## Work to complete
Among the lines below, the one containing "A chef in a" opens the range and the one containing "PCCOOLER CPS YS850" closes it. Print that range exactly, without the pictures.

## Extracted data
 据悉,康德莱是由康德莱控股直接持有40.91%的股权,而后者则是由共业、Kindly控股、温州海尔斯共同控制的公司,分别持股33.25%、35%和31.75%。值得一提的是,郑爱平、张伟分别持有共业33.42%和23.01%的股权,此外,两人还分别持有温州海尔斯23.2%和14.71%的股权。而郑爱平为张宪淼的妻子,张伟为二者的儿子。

--

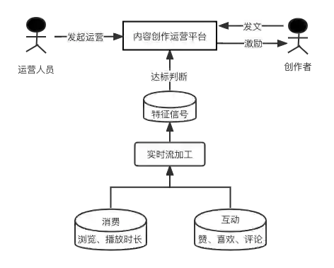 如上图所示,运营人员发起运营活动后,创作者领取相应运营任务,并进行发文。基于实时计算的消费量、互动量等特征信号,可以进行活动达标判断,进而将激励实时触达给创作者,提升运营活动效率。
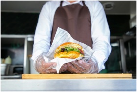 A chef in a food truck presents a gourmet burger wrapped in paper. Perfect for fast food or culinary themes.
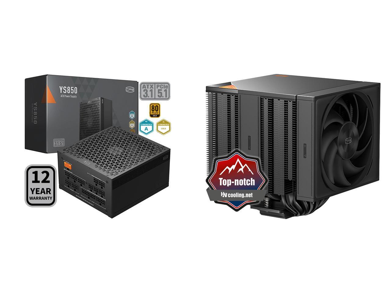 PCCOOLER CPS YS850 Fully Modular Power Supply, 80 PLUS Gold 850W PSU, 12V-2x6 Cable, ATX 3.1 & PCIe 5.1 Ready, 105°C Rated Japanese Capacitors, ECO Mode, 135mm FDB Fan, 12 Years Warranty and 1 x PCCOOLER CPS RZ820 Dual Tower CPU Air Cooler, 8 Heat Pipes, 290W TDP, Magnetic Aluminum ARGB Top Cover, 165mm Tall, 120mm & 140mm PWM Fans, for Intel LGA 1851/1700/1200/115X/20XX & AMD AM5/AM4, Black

==

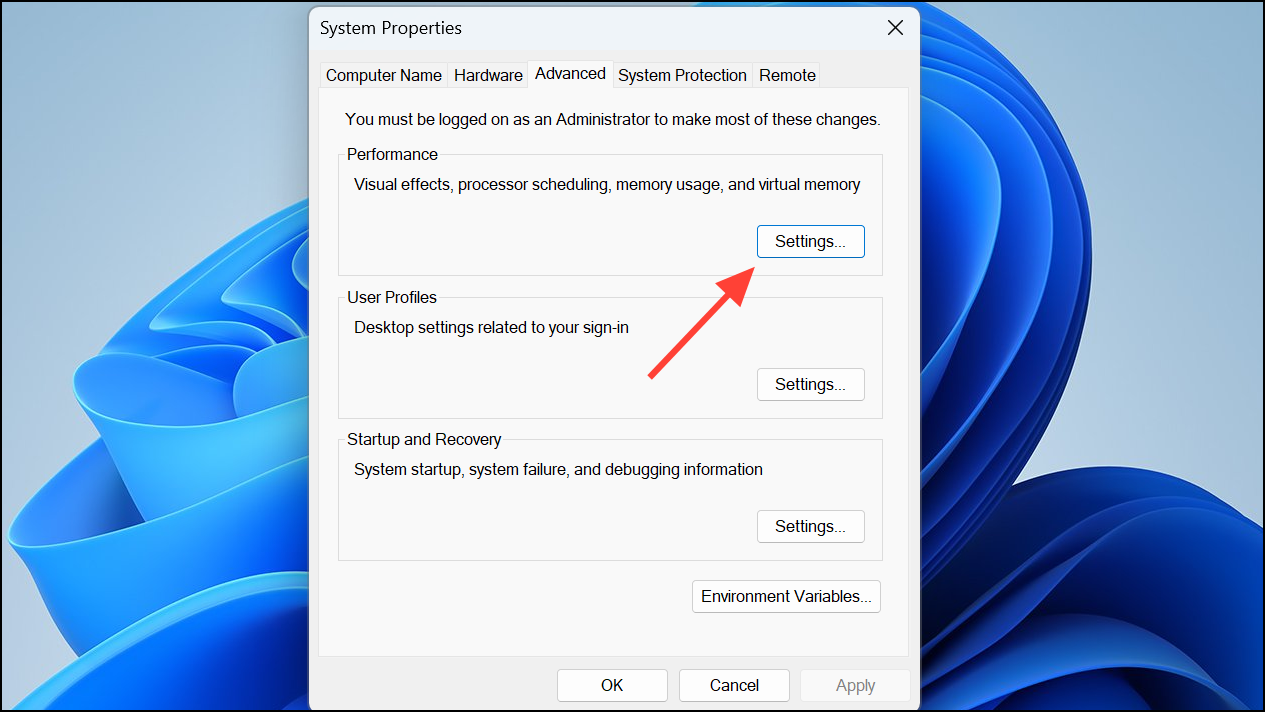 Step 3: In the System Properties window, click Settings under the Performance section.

## Answer space
 A chef in a food truck presents a gourmet burger wrapped in paper. Perfect for fast food or culinary themes.
 PCCOOLER CPS YS850 Fully Modular Power Supply, 80 PLUS Gold 850W PSU, 12V-2x6 Cable, ATX 3.1 & PCIe 5.1 Ready, 105°C Rated Japanese Capacitors, ECO Mode, 135mm FDB Fan, 12 Years Warranty and 1 x PCCOOLER CPS RZ820 Dual Tower CPU Air Cooler, 8 Heat Pipes, 290W TDP, Magnetic Aluminum ARGB Top Cover, 165mm Tall, 120mm & 140mm PWM Fans, for Intel LGA 1851/1700/1200/115X/20XX & AMD AM5/AM4, Black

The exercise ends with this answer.